"That girl has done nobly," I said.
"Belle O'Neill," said Miss Pray, before we finally sought that repose which is the guerdon of all nobly sustained adventure, "the drownin' and the p'isonin' is both forgot, and next time the jew'lry pedler comes along you shall have a breas'pin—that is, if you're livin', Belle O'Neill."
"Oh, Belle will live," I cried; "the danger is over."
"Whether I lives or whether I dies," said Belle O'Neill, calm now on heights above us all, "I meant that roast pig for the best, Miss Pray."
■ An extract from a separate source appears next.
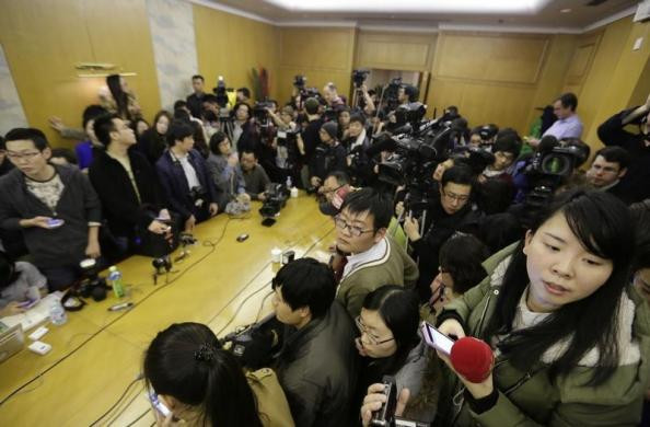 Các phóng viên tại phòng họp báo ở một khách sạn ở Bắc Kinh, Trung Quốc

But before I could get to sleep that night I gave myself up to folly; I rolled in inextinguishable fits of laughter. My gray heraldry, my ancient coat of arms, innocently maligned as they had been, stared down reproachfully at me through the night. I feebly wiped my weeping eyes and rolled and laughed the more, and slept at last such a sleep as only the foolish and blessed of mortality know.
XII
THE MASTER REVELLER
"Notely! You will be leading Fluke to go wrong, Notely. He takes no interest at home or in the fishing since you and those pleasure-men you have with you have been keeping open house at the Neck. When he comes home he has been wild and drinking, and is moody. It is a week since you have been away from your home and wife with your yacht anchored here off shore, hunting and cruising, and such times at the old Garrison place at night—it is the talk!"
Notely laughed and rose. Vesty had been standing looking down at him earnestly, where he sat in her doorway: she held her baby asleep on one strong arm, its face against her neck.